Start of GIVEN INFORMATION

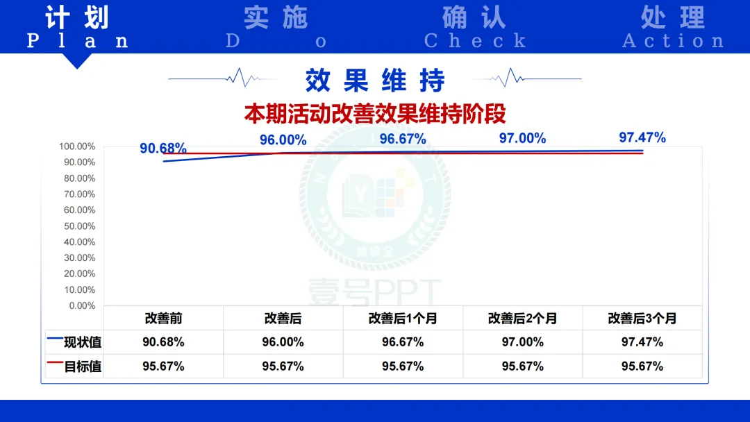 检查阶段 | 满意度提升至96%,目标达成率106.6%;团队能力全面提升。 |
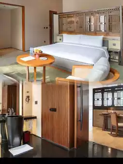 The moment you step into the hotel, it feels like traveling back to the Ming and Qing dynasties. Exquisite wood carvings and stone engravings tell stories of history in every detail. The hotel has only 35 villas, offering a full sense of privacy! Rooms start at 100 square meters and come with private gardens and courtyard views. Staying here feels like having your own little world 🌼
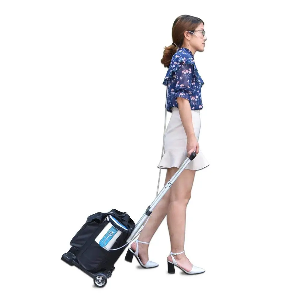 3,Портативное использованиеКонцентратор кислорода, включая литиевую батарею, автомобильный инвертор, сумку и тележку

End of GIVEN INFORMATION

> **EXERCISE GOAL**
Transcribe the span of lines that runs from the line with "The moment you" to the end of the data, both ends included, exactly, with nothing else and no pictures.

> **TASK OUTPUT**
 The moment you step into the hotel, it feels like traveling back to the Ming and Qing dynasties. Exquisite wood carvings and stone engravings tell stories of history in every detail. The hotel has only 35 villas, offering a full sense of privacy! Rooms start at 100 square meters and come with private gardens and courtyard views. Staying here feels like having your own little world 🌼
 3,Портативное использованиеКонцентратор кислорода, включая литиевую батарею, автомобильный инвертор, сумку и тележку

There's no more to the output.